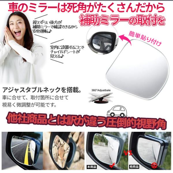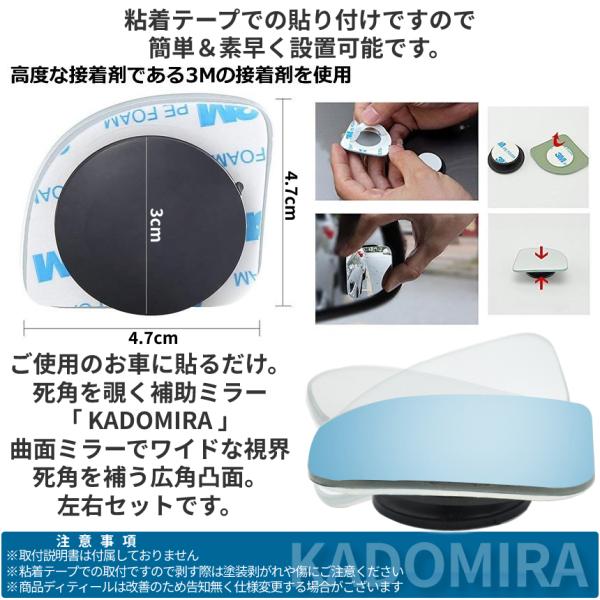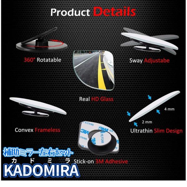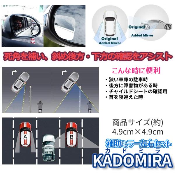 車 補助 サイド ミラー 死角 2個 セット 360度 角度 調節 視野 拡大 サポート 視界 確保 右 左 サブミラー 事故 防止 鏡 駐車 バック 自動車 カー 用品 KADOMIRA
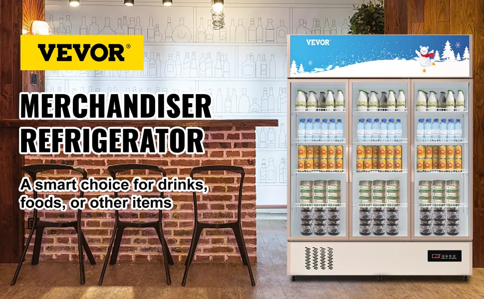 Keep Must-Have Foods and Drinks Handy for Customers with VEVOR'S Refrigerator. It's the smart choice for your commercial business with plenty of space to store beverages, a sleek black exterior, quick-adjust temperature settings, and a quiet compressor. It also offers an interior LED light and a transparent glass door for those working late; it will surely be a hit in your office kitchen.
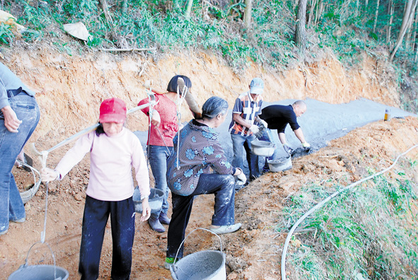 盘谷乡洋里村上洋11号滑坡简易降险点,工人们正在修建截水沟。 ■ 郑与国 齐培松
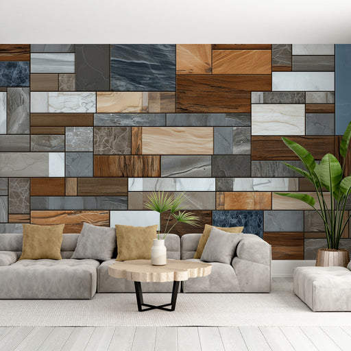 Découvrez notre papier peint mosaïque avec un mélange sophistiqué d'effets bois et marbre. Parfait pour ajouter du caractère à votre intérieur, ce ...
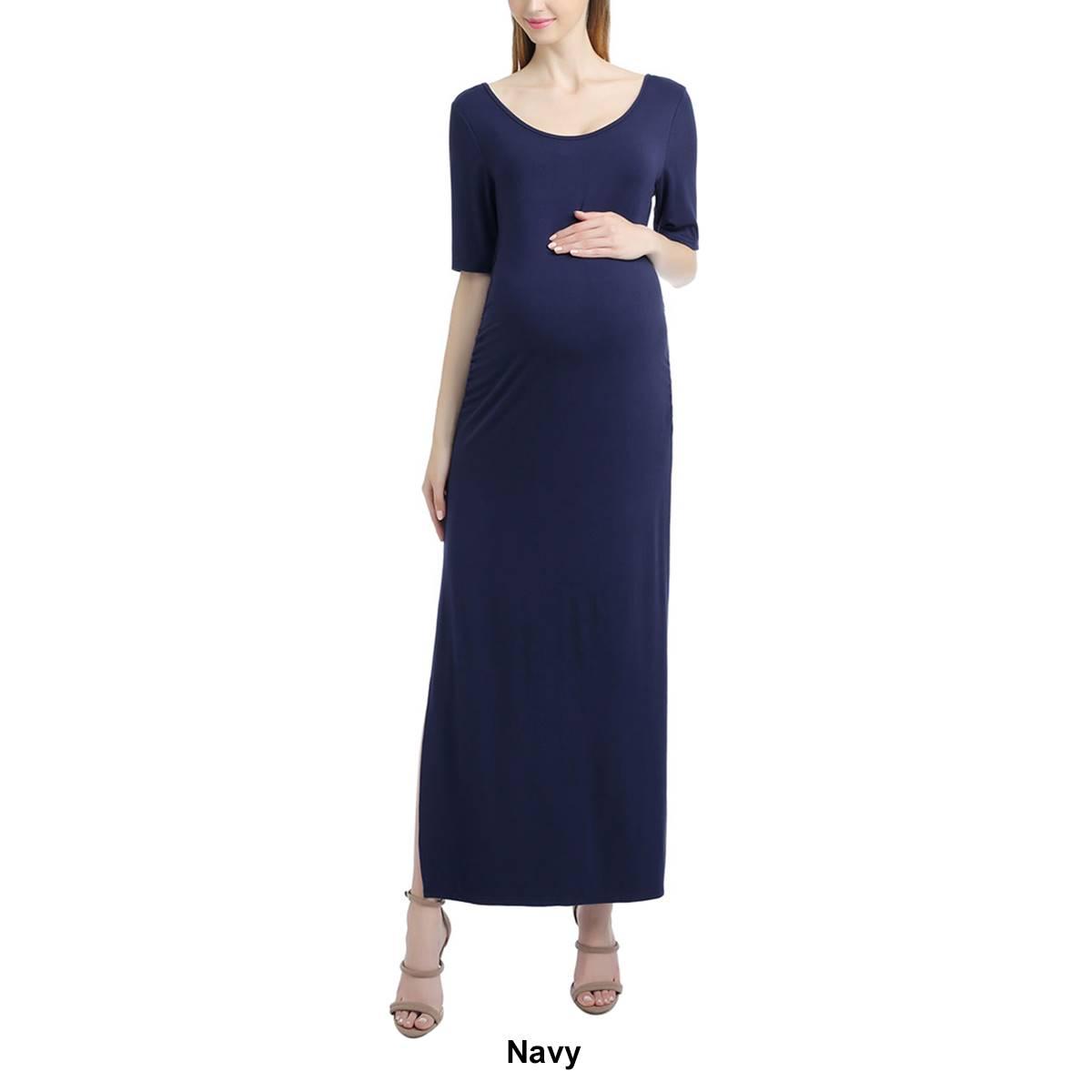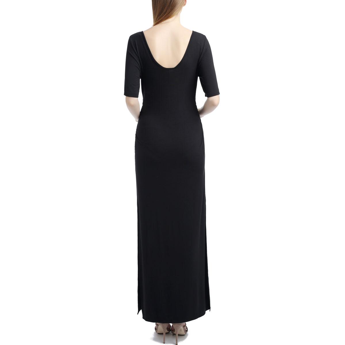 Description This Womens Glow & Grow® maternity maxi dress can take you from season to season. The classic belly ruching allows for plenty of belly growth, the deep back neck...

━━━

*Task:*
Set down the entries above again exactly, minus any image.

*Response for this exercise:*
 車 補助 サイド ミラー 死角 2個 セット 360度 角度 調節 視野 拡大 サポート 視界 確保 右 左 サブミラー 事故 防止 鏡 駐車 バック 自動車 カー 用品 KADOMIRA
 Keep Must-Have Foods and Drinks Handy for Customers with VEVOR'S Refrigerator. It's the smart choice for your commercial business with plenty of space to store beverages, a sleek black exterior, quick-adjust temperature settings, and a quiet compressor. It also offers an interior LED light and a transparent glass door for those working late; it will surely be a hit in your office kitchen.
 盘谷乡洋里村上洋11号滑坡简易降险点,工人们正在修建截水沟。 ■ 郑与国 齐培松
 Découvrez notre papier peint mosaïque avec un mélange sophistiqué d'effets bois et marbre. Parfait pour ajouter du caractère à votre intérieur, ce ...
 Description This Womens Glow & Grow® maternity maxi dress can take you from season to season. The classic belly ruching allows for plenty of belly growth, the deep back neck...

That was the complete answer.